### DATASET EXTRACT:
****

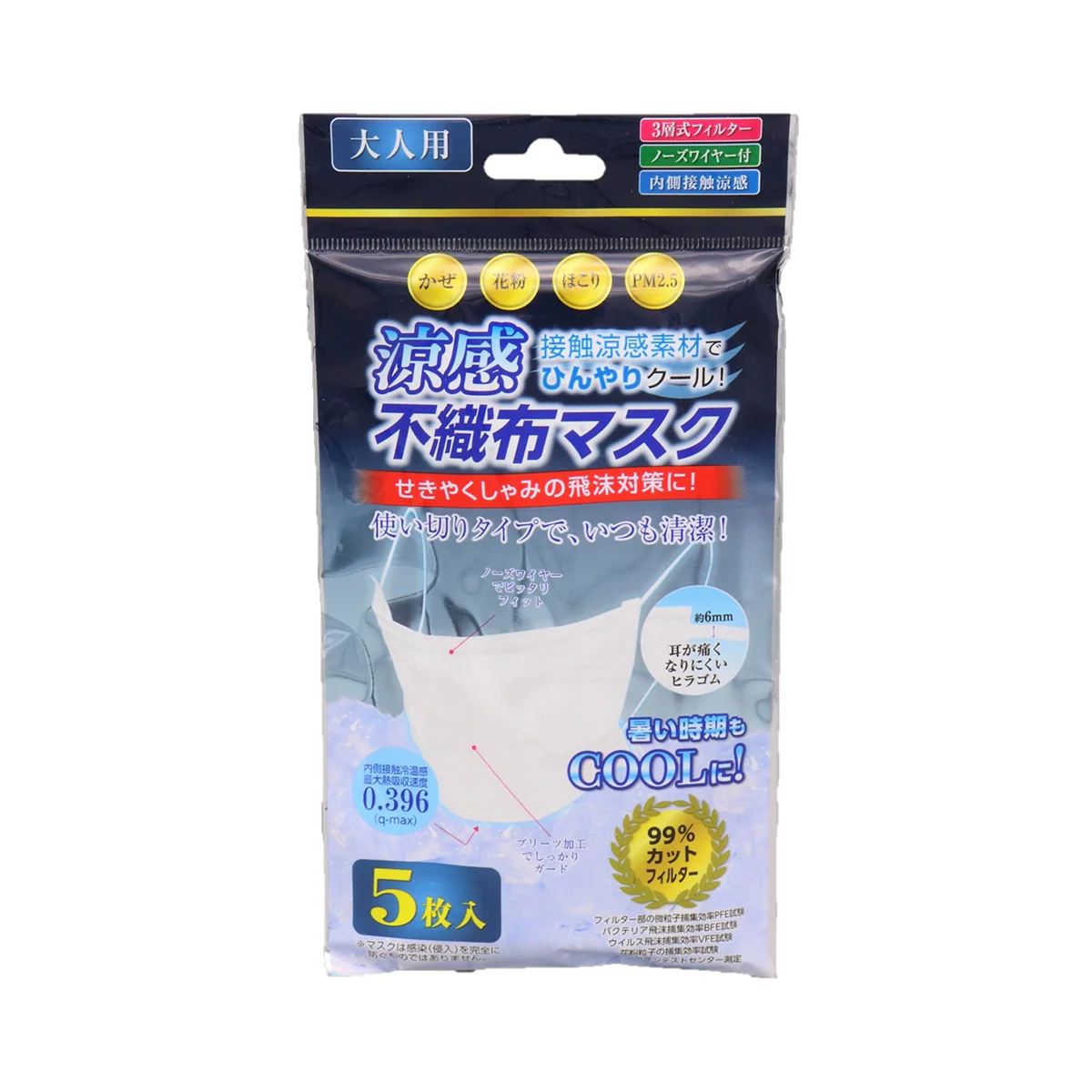 涼感不織布マスク 大人用 5枚入り
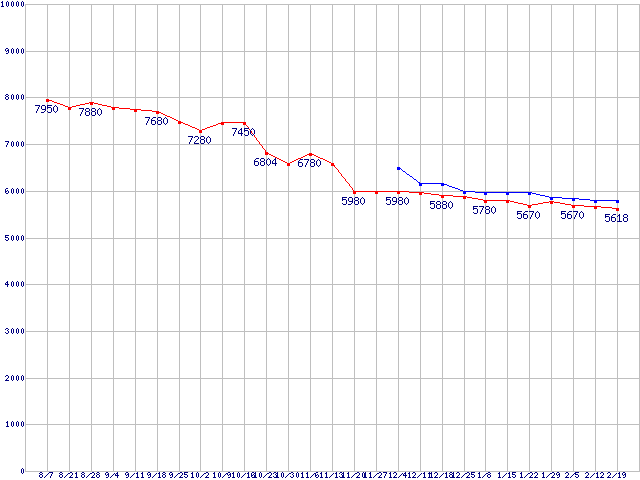 HDD 750GB~1TB未満の最安値推移
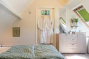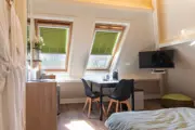 Deze kamer op de eerste verdieping van het woonhuis van de eigenaar heeft twee eenpersoonsbedden en een zithoek met tv. Je beschikt over een kleine koelkast, waterkoker en Nespresso koffiezetapparaat. De badkamer met douche, wastafel en het separaat toilet zijn voor eigen gebruik. Je kunt heerlijk buiten zitten op het terras naast het huis.
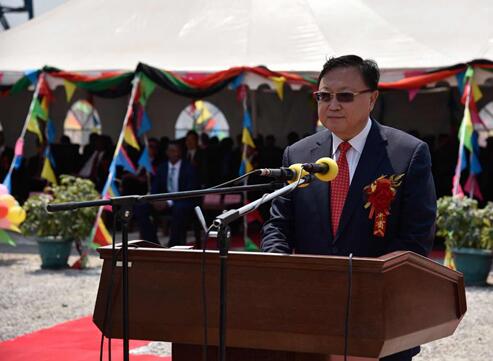 中國(guó)駐贊比亞大使李傑在儀式上致辭

****

### TASK PROMPT:
Restate word for word the lines from the one with "Deze kamer op" to the end of the material, both included. Do not include the pictures.

### ANSWER BOX:
 Deze kamer op de eerste verdieping van het woonhuis van de eigenaar heeft twee eenpersoonsbedden en een zithoek met tv. Je beschikt over een kleine koelkast, waterkoker en Nespresso koffiezetapparaat. De badkamer met douche, wastafel en het separaat toilet zijn voor eigen gebruik. Je kunt heerlijk buiten zitten op het terras naast het huis.
 中國(guó)駐贊比亞大使李傑在儀式上致辭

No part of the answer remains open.